* _RECORDS FOR THIS EXERCISE_:
------------------------------

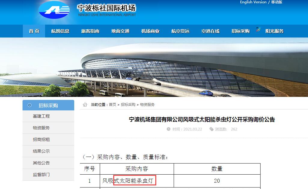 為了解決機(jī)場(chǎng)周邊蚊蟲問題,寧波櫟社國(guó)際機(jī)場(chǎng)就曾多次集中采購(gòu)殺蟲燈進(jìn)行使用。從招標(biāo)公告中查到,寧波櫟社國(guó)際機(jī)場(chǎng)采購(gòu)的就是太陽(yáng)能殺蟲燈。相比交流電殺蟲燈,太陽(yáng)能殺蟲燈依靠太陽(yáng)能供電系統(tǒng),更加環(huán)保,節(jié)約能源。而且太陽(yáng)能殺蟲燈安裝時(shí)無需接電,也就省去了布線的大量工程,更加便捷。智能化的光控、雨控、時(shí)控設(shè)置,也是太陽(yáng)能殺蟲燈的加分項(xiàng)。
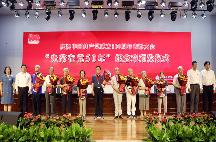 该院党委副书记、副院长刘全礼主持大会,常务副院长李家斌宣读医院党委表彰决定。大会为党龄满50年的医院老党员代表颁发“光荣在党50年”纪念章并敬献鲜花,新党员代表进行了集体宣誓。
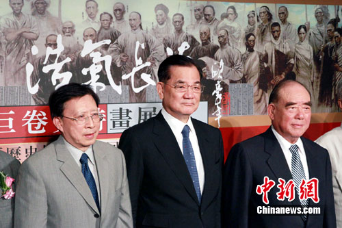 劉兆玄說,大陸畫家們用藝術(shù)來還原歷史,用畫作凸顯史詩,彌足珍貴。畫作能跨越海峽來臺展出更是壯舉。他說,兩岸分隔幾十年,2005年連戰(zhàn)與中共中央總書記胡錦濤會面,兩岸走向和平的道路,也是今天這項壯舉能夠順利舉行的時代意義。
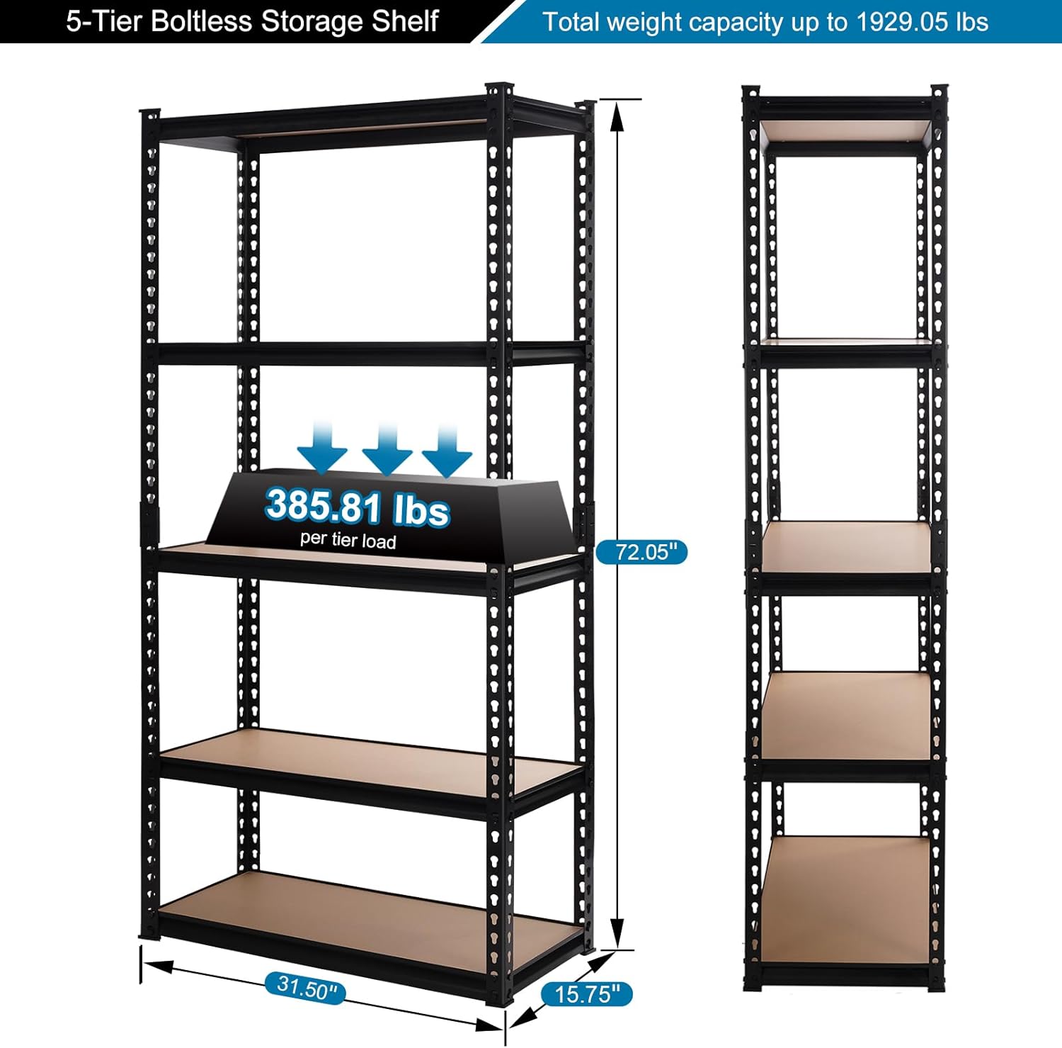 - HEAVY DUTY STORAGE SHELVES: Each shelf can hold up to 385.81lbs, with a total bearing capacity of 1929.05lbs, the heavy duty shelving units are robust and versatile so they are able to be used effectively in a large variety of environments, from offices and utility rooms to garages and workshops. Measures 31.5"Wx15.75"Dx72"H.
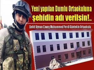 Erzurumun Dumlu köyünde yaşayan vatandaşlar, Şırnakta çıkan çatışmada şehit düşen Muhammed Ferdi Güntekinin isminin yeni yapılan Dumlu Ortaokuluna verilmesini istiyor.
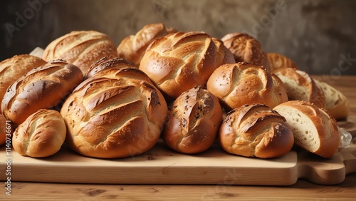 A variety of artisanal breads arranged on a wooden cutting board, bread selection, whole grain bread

------------------------------

* _WHAT YOU HAVE TO DO_: Exactly as they appear above, print all the lines, but not the pictures.

* _RESPONSE BELOW_:
 為了解決機(jī)場(chǎng)周邊蚊蟲問題,寧波櫟社國(guó)際機(jī)場(chǎng)就曾多次集中采購(gòu)殺蟲燈進(jìn)行使用。從招標(biāo)公告中查到,寧波櫟社國(guó)際機(jī)場(chǎng)采購(gòu)的就是太陽(yáng)能殺蟲燈。相比交流電殺蟲燈,太陽(yáng)能殺蟲燈依靠太陽(yáng)能供電系統(tǒng),更加環(huán)保,節(jié)約能源。而且太陽(yáng)能殺蟲燈安裝時(shí)無需接電,也就省去了布線的大量工程,更加便捷。智能化的光控、雨控、時(shí)控設(shè)置,也是太陽(yáng)能殺蟲燈的加分項(xiàng)。
 该院党委副书记、副院长刘全礼主持大会,常务副院长李家斌宣读医院党委表彰决定。大会为党龄满50年的医院老党员代表颁发“光荣在党50年”纪念章并敬献鲜花,新党员代表进行了集体宣誓。
 劉兆玄說,大陸畫家們用藝術(shù)來還原歷史,用畫作凸顯史詩,彌足珍貴。畫作能跨越海峽來臺展出更是壯舉。他說,兩岸分隔幾十年,2005年連戰(zhàn)與中共中央總書記胡錦濤會面,兩岸走向和平的道路,也是今天這項壯舉能夠順利舉行的時代意義。
 - HEAVY DUTY STORAGE SHELVES: Each shelf can hold up to 385.81lbs, with a total bearing capacity of 1929.05lbs, the heavy duty shelving units are robust and versatile so they are able to be used effectively in a large variety of environments, from offices and utility rooms to garages and workshops. Measures 31.5"Wx15.75"Dx72"H.
 Erzurumun Dumlu köyünde yaşayan vatandaşlar, Şırnakta çıkan çatışmada şehit düşen Muhammed Ferdi Güntekinin isminin yeni yapılan Dumlu Ortaokuluna verilmesini istiyor.
 A variety of artisanal breads arranged on a wooden cutting board, bread selection, whole grain bread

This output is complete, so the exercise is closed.